RECORDS »
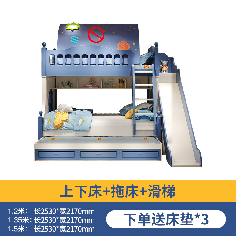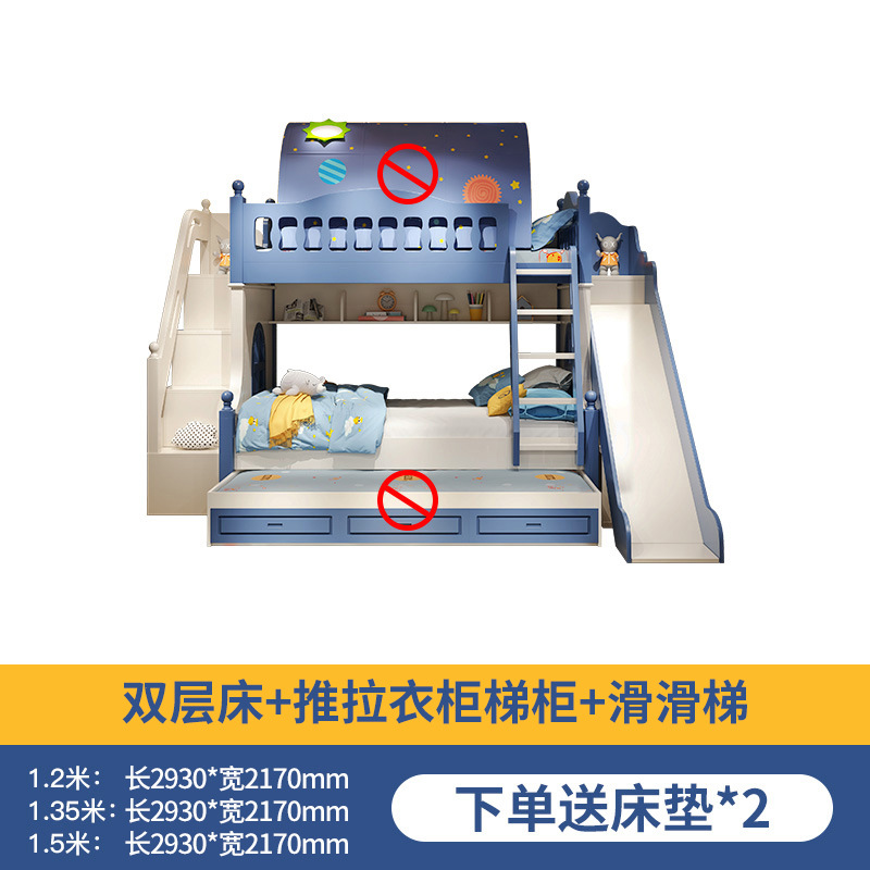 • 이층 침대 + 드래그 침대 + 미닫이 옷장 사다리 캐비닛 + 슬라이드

==

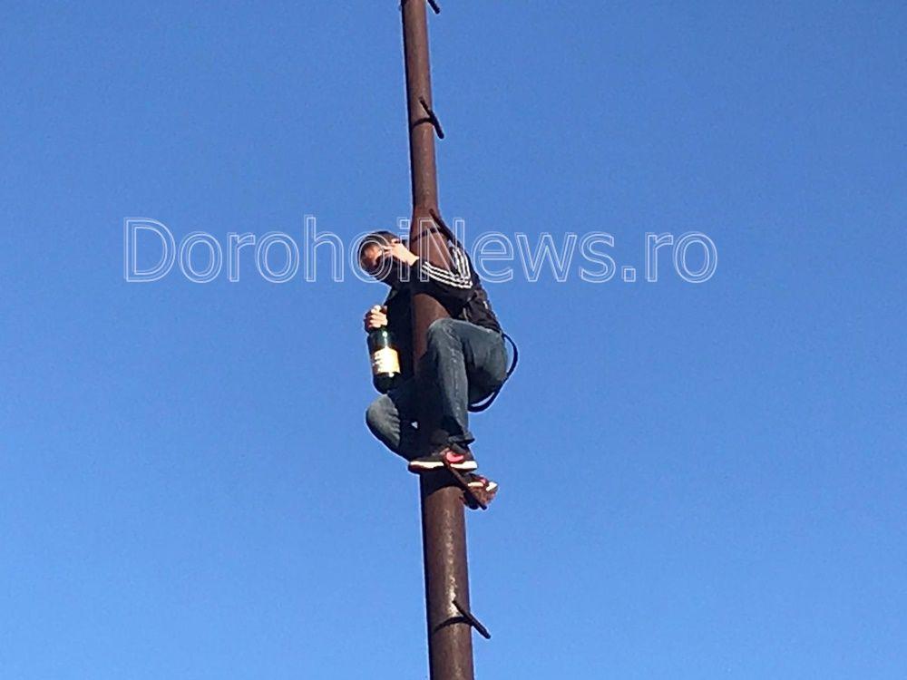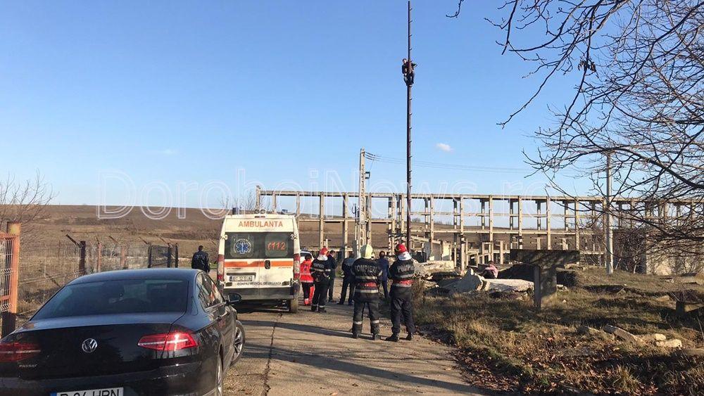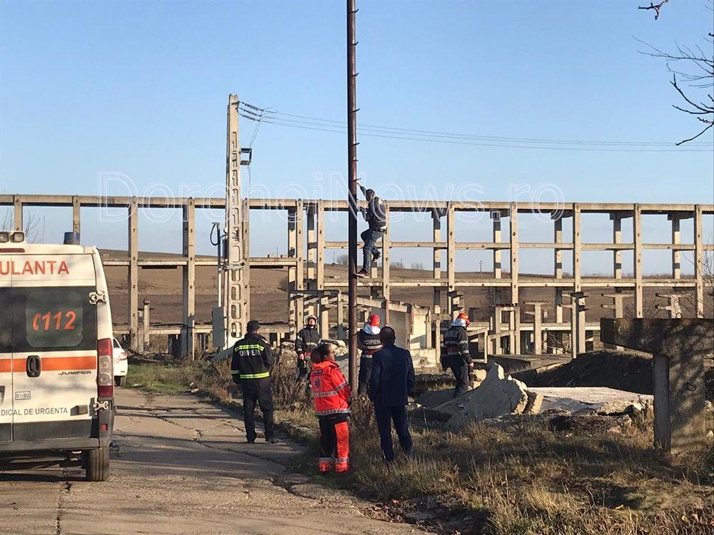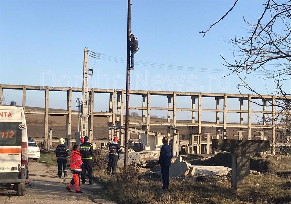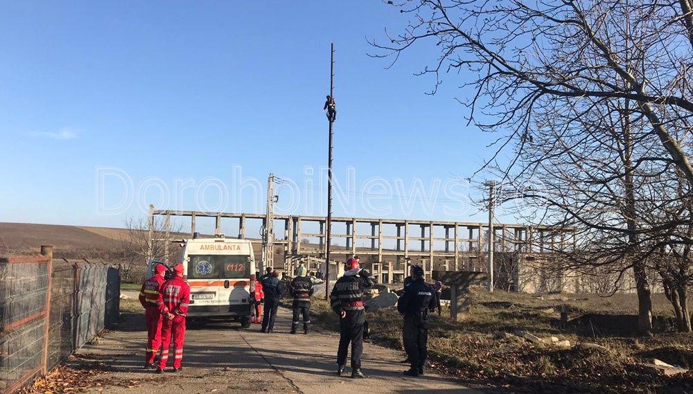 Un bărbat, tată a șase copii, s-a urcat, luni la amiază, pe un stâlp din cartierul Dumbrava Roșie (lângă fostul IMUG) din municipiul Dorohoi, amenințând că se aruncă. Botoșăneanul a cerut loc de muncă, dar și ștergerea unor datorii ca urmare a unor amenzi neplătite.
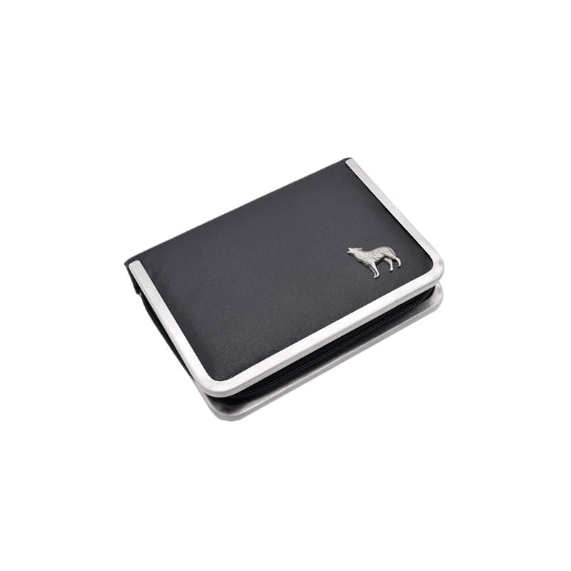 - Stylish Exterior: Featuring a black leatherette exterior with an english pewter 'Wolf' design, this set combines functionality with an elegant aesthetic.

TASK DETAILS »
"Un bărbat, tată" marks the first line to copy, and "- Stylish Exterior: Featuring" marks the last. Repeat that stretch above exactly, with no pictures.

RESPONSE TO THIS TASK »
 Un bărbat, tată a șase copii, s-a urcat, luni la amiază, pe un stâlp din cartierul Dumbrava Roșie (lângă fostul IMUG) din municipiul Dorohoi, amenințând că se aruncă. Botoșăneanul a cerut loc de muncă, dar și ștergerea unor datorii ca urmare a unor amenzi neplătite.
 - Stylish Exterior: Featuring a black leatherette exterior with an english pewter 'Wolf' design, this set combines functionality with an elegant aesthetic.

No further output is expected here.